Francja i Polska to dwa kraje, które wyraźnie wybijają się na tle reszty kontynentu. W obu przypadkach sukces to wynik konsekwentnej polityki transportowej, inwestycji publicznych i skutecznej współpracy z sektorem prywatnym. W Polsce, oprócz inwestycji w infrastrukturę, duży wpływ miało wsparcie z funduszy europejskich oraz rozwój cyfryzacji procesów logistycznych. Automatyzacja obsługi kontenerów, planowanie tras i dynamiczne zarządzanie ruchem kolejowym dały operatorom ogromną przewagę konkurencyjną.
Perspektywy na przyszłość są umiarkowanie optymistyczne. Choć sektor nie uniknie kolejnych wyzwań, jak rosnące ceny energii, presja ekologiczna czy niepewność geopolityczna, to rosnące zainteresowanie intermodalnością daje solidny fundament pod dalszy rozwój.

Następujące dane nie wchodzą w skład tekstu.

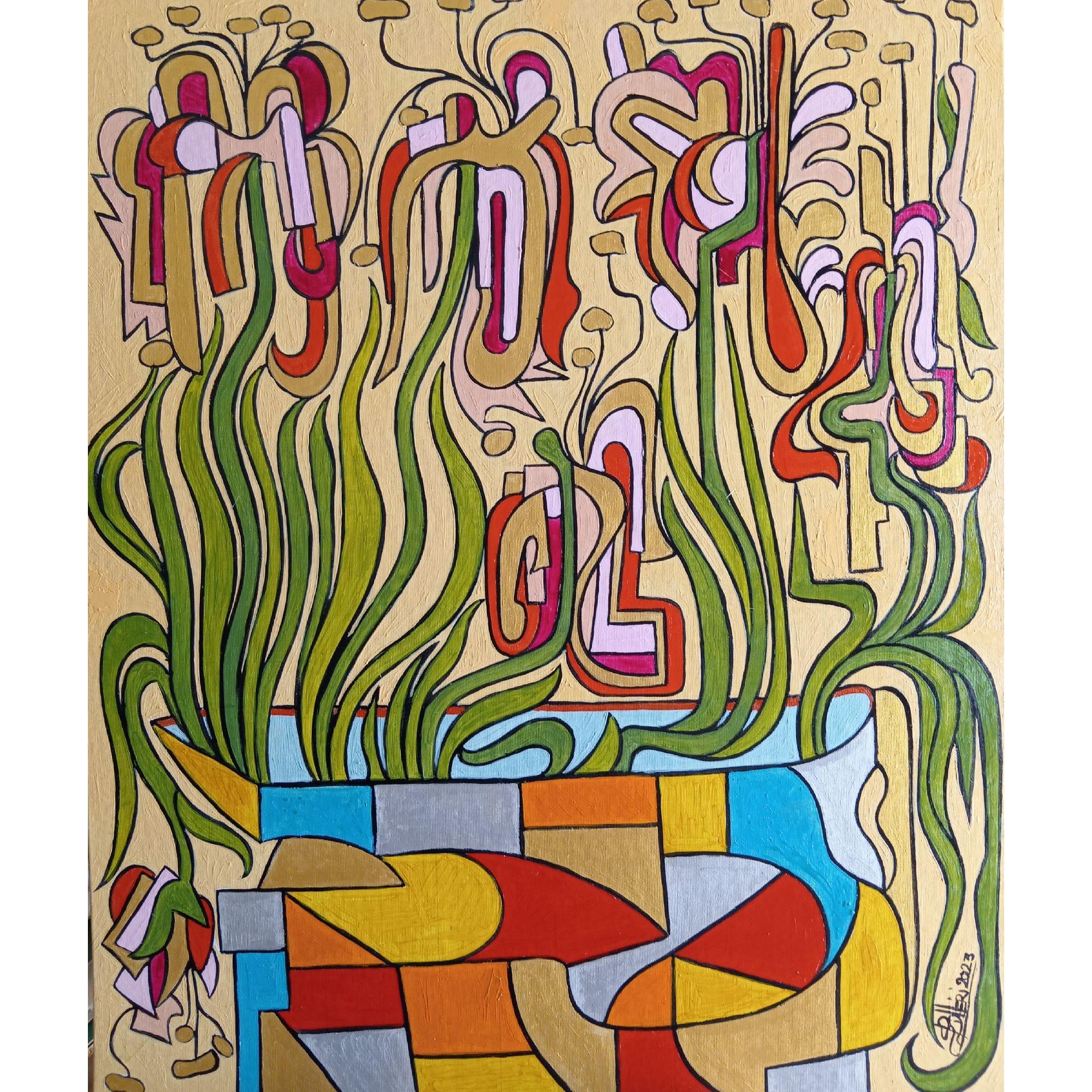 Composizione di fantasia di un vaso di fiori, ove i colori vivi e il disegno fantastico del tutto sono la caratteristica dell'opera.
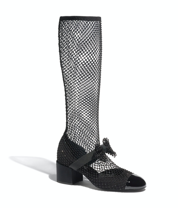 延續長靴的靴型,這雙以黑色網狀呈現的靴款,自帶的性感氣息,加上低調的水晶呈現其中,女孩穿上它絕對能成為一場聚會中,不容忽視的主角。(商品售價:NTD106,500)

Transformacja energetyczna, która premiuje niskoemisyjne formy transportu, działa wyraźnie na korzyść przewozów kombinowanych. jeżeli tylko infrastruktura nadąży za potrzebami, transport intermodalny może stać się głównym filarem europejskiej logistyki w kolejnych dekadach. Wszystko wskazuje na to, iż transport intermodalny nie jest już tylko niszową alternatywą. Staje się on nowym standardem – odpowiedzią na przeciążone drogi, zmieniające się potrzeby gospodarki i rosnące wymagania środowiskowe.